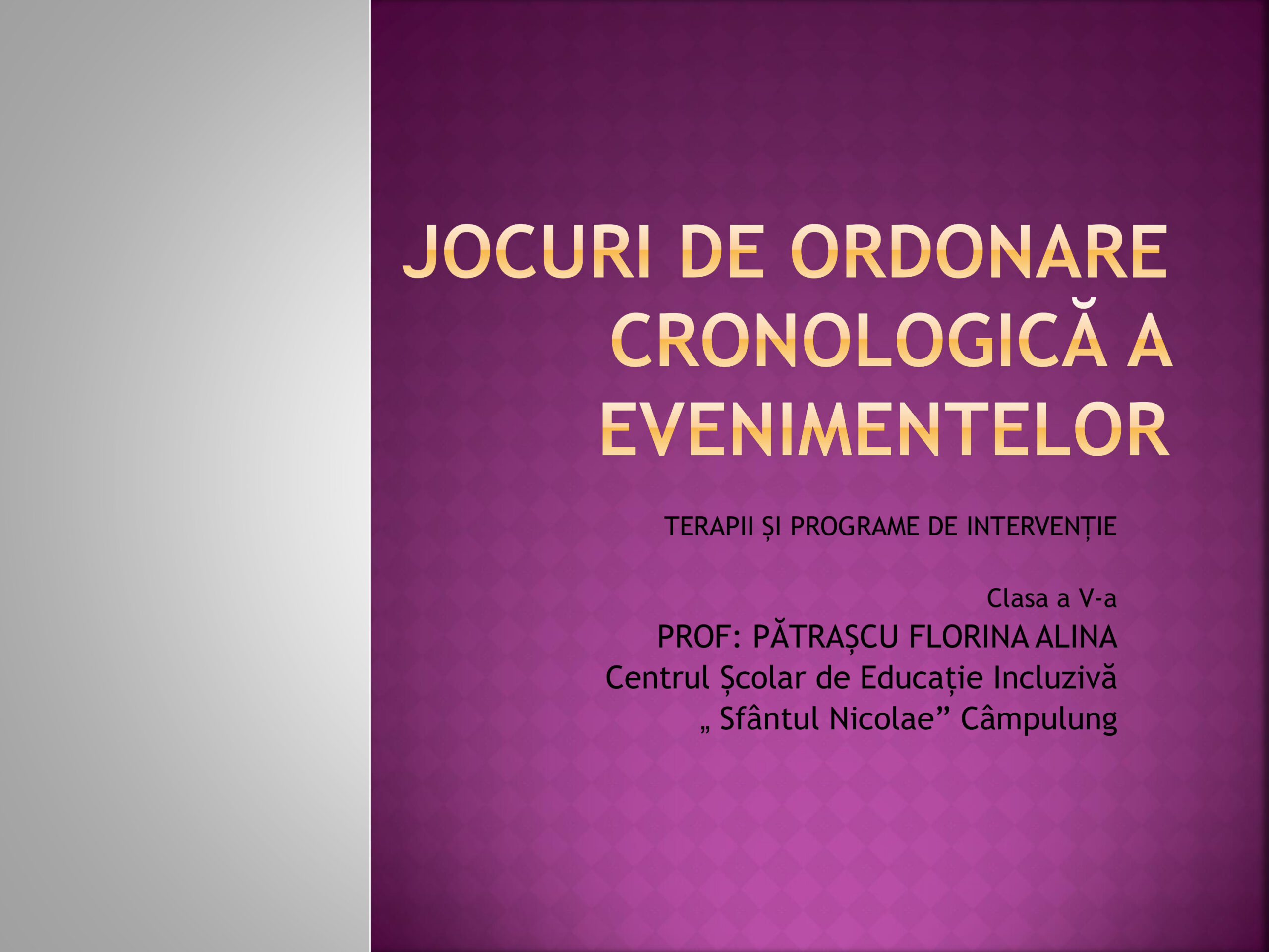 Jocuri de ordonare cronologică a evenimentelor-Terapii și programe de intervenție Clasa a V-aSoft Educațional / Autor Cadru didactic Ordonarea-si-succesiunea-evenimentelor.pptx (1 Descărcări ) Pătrașcu Florina AlinaProfesor la Centrul Școlar de Educație Incluzivă ”Sfântul Nicolae” Câmpulung; Distribuie pe: 0 Distribuiri Facebook 0 Email Imprimă Copiază legătura
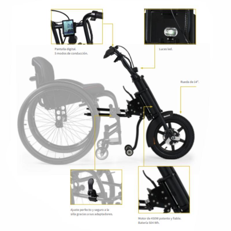 Handbike eléctrica para silla de ruedas fácil de enganchar y desenganchar
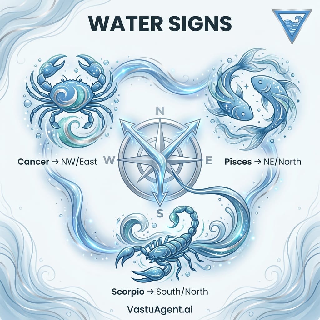 Water signs need emotional security, intuitive space, and nurturing environments. Your optimal house facing creates sanctuary-like energy.
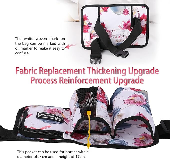 - 4、There are two big pockets and one small pocket in front which can be temporarily replaced with bottles of different capacities. The two big pockets can be used with bottles of diameter ≤2.36inch and height 9.45inch. One of them is made into a pocket in the form of mesh cloth, which is convenient to watch the capacity of the bottle; In addition, a small pocket can be used for a bottle with a diameter ≤1.57inch and a height of 6.69inch;
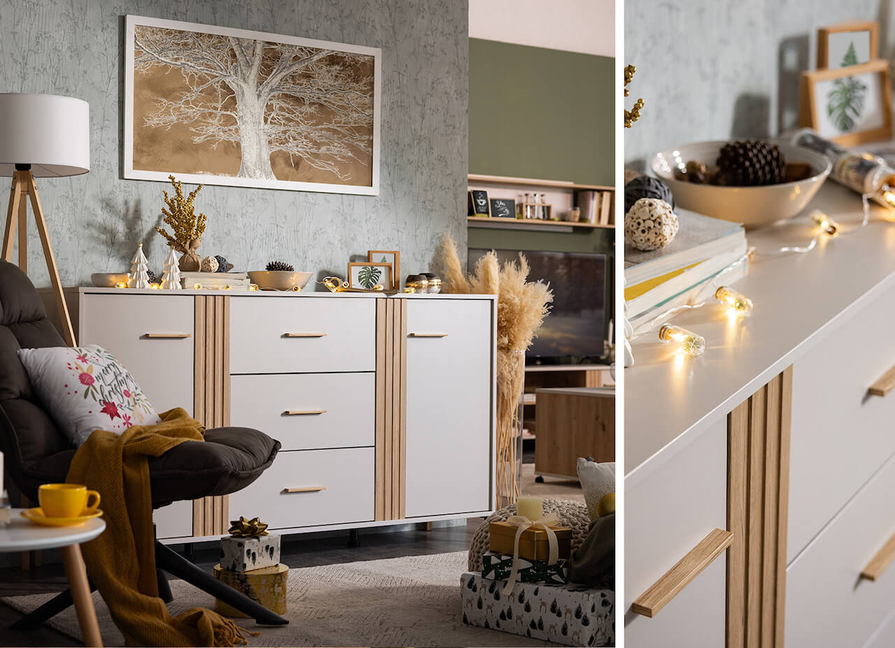 Funkcionalni dodatak za opremanje dnevne i spavaće sobe je komoda BELFORT. Sastoji se od više zatvorenih segmenata za skladištenje – dva zatvorena pregradna dela i tri fioke, dok sama gornja površina komode može biti dodatno mesto za dekoraciju i omiljene časopise.
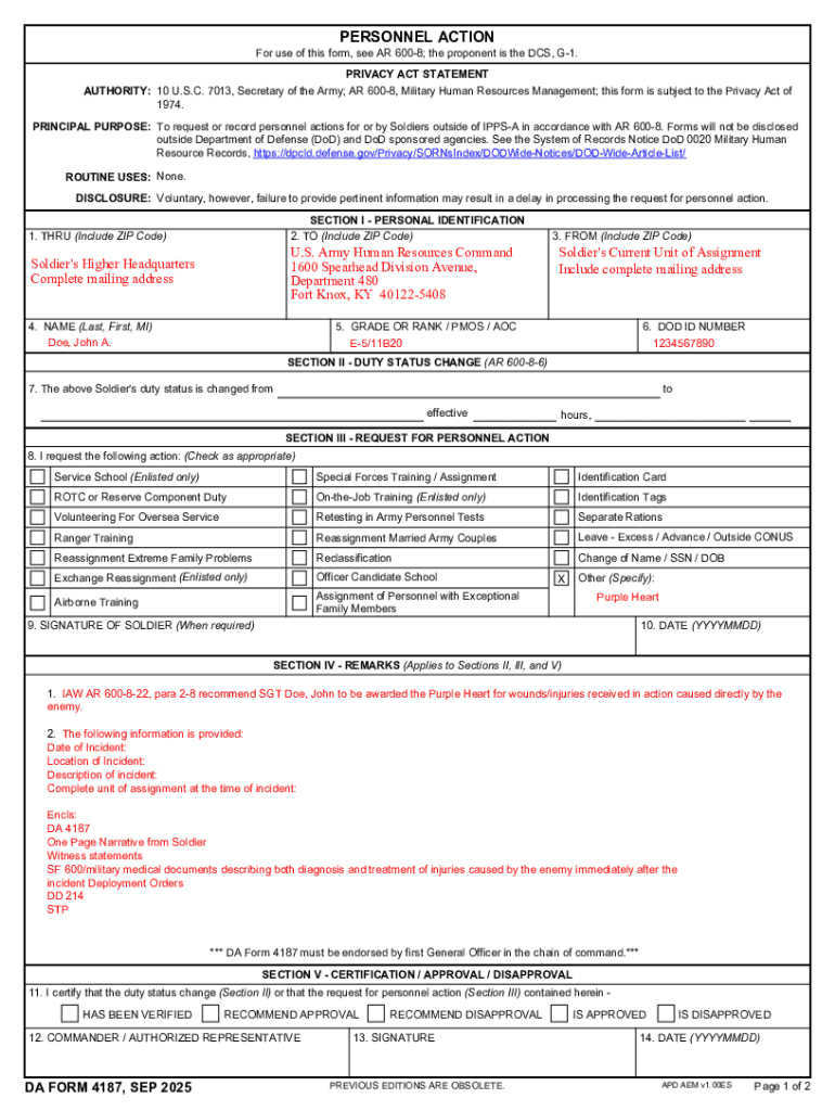 DA Form 4187, often referred to as the Personnel Action Request form, serves a critical role within military operations. This form is primarily used by soldiers to request various personnel actions such as changes in duty status, leave requests, recognitions, and other significant administrative changes. Understanding the purpose and importance of DA Form 4187 is essential for all military personnel, as it impacts administrative processes and soldier welfare directly.

+ + + +

Omit the pictures. Repeat the rest of the data exactly.

 Jocuri de ordonare cronologică a evenimentelor-Terapii și programe de intervenție Clasa a V-aSoft Educațional / Autor Cadru didactic Ordonarea-si-succesiunea-evenimentelor.pptx (1 Descărcări ) Pătrașcu Florina AlinaProfesor la Centrul Școlar de Educație Incluzivă ”Sfântul Nicolae” Câmpulung; Distribuie pe: 0 Distribuiri Facebook 0 Email Imprimă Copiază legătura
 Handbike eléctrica para silla de ruedas fácil de enganchar y desenganchar
 Water signs need emotional security, intuitive space, and nurturing environments. Your optimal house facing creates sanctuary-like energy.
 - 4、There are two big pockets and one small pocket in front which can be temporarily replaced with bottles of different capacities. The two big pockets can be used with bottles of diameter ≤2.36inch and height 9.45inch. One of them is made into a pocket in the form of mesh cloth, which is convenient to watch the capacity of the bottle; In addition, a small pocket can be used for a bottle with a diameter ≤1.57inch and a height of 6.69inch;
 Funkcionalni dodatak za opremanje dnevne i spavaće sobe je komoda BELFORT. Sastoji se od više zatvorenih segmenata za skladištenje – dva zatvorena pregradna dela i tri fioke, dok sama gornja površina komode može biti dodatno mesto za dekoraciju i omiljene časopise.
 DA Form 4187, often referred to as the Personnel Action Request form, serves a critical role within military operations. This form is primarily used by soldiers to request various personnel actions such as changes in duty status, leave requests, recognitions, and other significant administrative changes. Understanding the purpose and importance of DA Form 4187 is essential for all military personnel, as it impacts administrative processes and soldier welfare directly.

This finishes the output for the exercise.